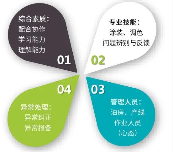 管理人員需要能夠落實管理職責、能組織對操作人員進行涂料或涂裝知識的培訓或實操技能的訓練,能監管自己轄區內的設備、環境、人員穩定作業。
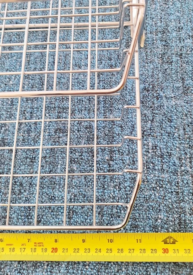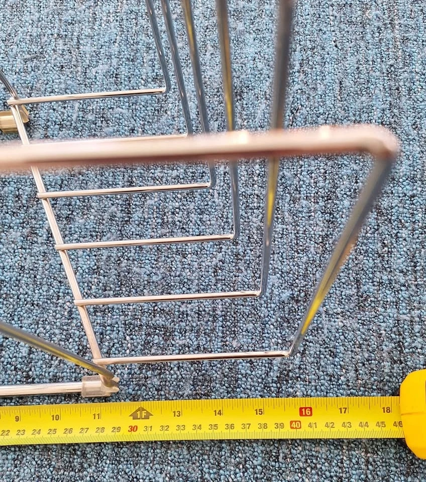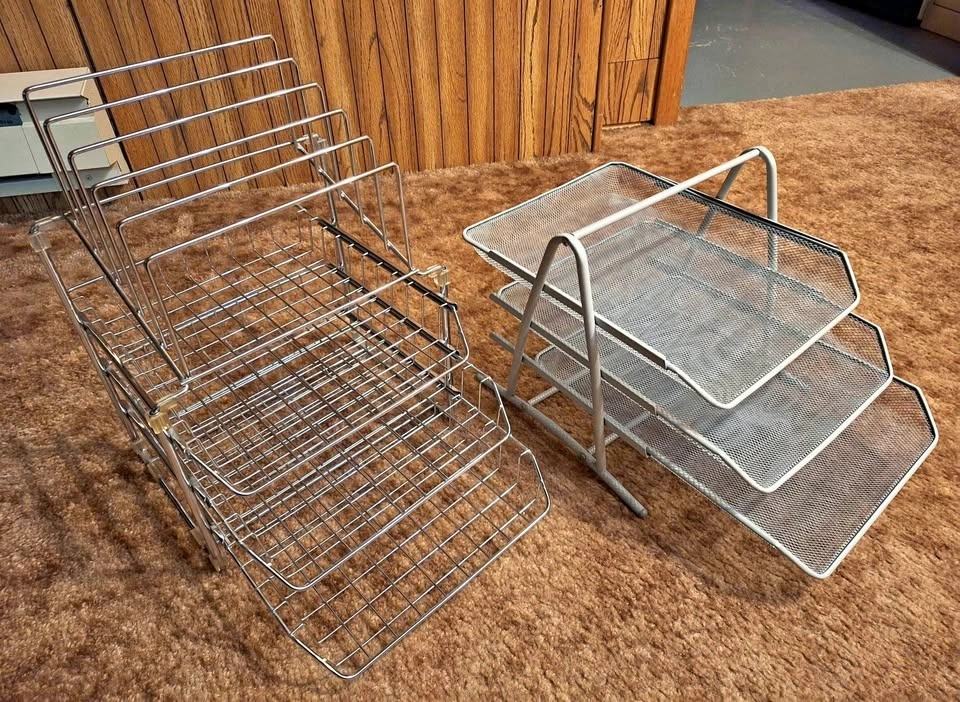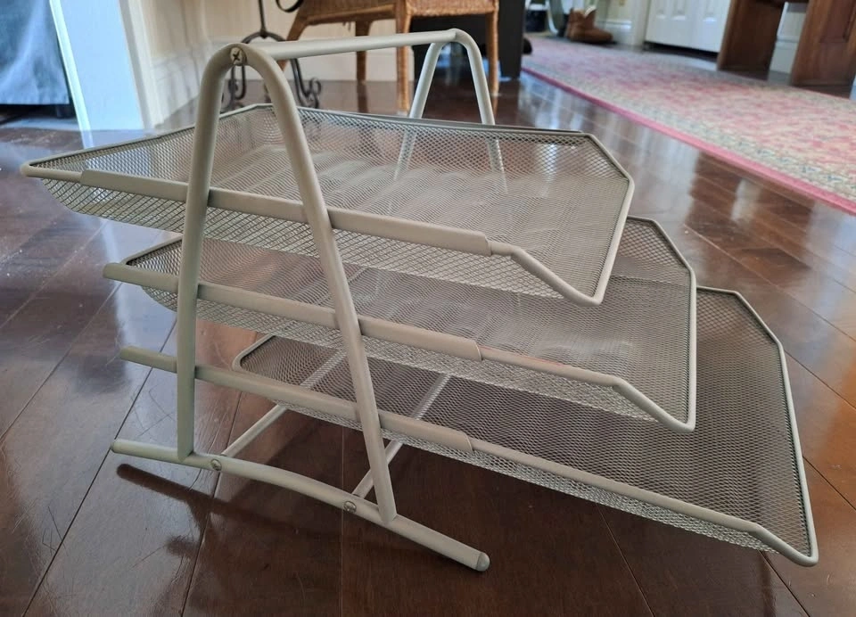 Chrome letter size organizer with 3 adjustable shelves and 5 slots. Measures 11.75" wide x min. 13" deep x 15.75" high. Asking $15.
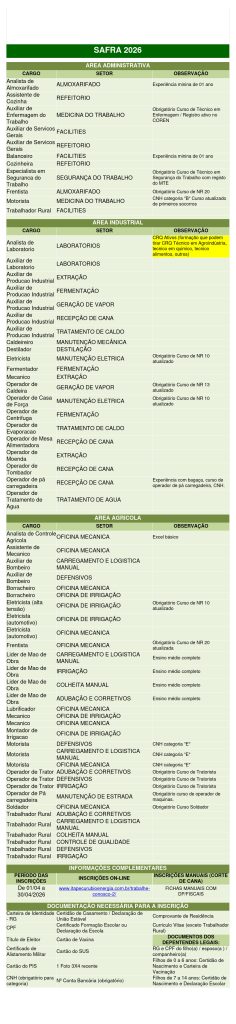 INSCRIÇÕES ABERTAS – RECRUTAMENTO SAFRA 2026
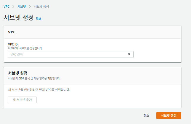 VPC를 선택하였으면 서브넷 설정을 할 수 있게 입력 창들이 나옵니다. 서브넷 이름을 입력을 하고 가용영역을 설정해줍니다. 그 후 서브넷의 IPv4 CIDR블록을 생성해줍니다. 여기서 주의할 점은 IPv4 설정의 경우, 서브넷이 VPC 안에서 생성이 되기에 VPC CIDR 범위에서 설정을 해줘야 합니다. 또한 Subnet끼리 CIDR 주소가 겹치면 안됩니다.
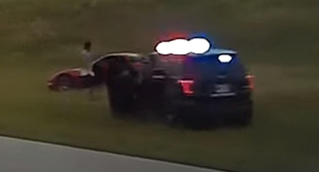 The Corvette then continued traveling through the grass before coming to a rest near an overpass. It’s unclear if the driver got stuck or simply decided to call it quits but, whatever the case, they were greeted by the pursuing officer.

◆ INSTRUCTIONS TO FOLLOW
Pictures are to be left out; the answer must otherwise be exactly the lines from the one with "VPC를 선택하였으면 서브넷" through the final line of the entries above, both included.

◆ ANSWER TO THE PROBLEM
 VPC를 선택하였으면 서브넷 설정을 할 수 있게 입력 창들이 나옵니다. 서브넷 이름을 입력을 하고 가용영역을 설정해줍니다. 그 후 서브넷의 IPv4 CIDR블록을 생성해줍니다. 여기서 주의할 점은 IPv4 설정의 경우, 서브넷이 VPC 안에서 생성이 되기에 VPC CIDR 범위에서 설정을 해줘야 합니다. 또한 Subnet끼리 CIDR 주소가 겹치면 안됩니다.
 The Corvette then continued traveling through the grass before coming to a rest near an overpass. It’s unclear if the driver got stuck or simply decided to call it quits but, whatever the case, they were greeted by the pursuing officer.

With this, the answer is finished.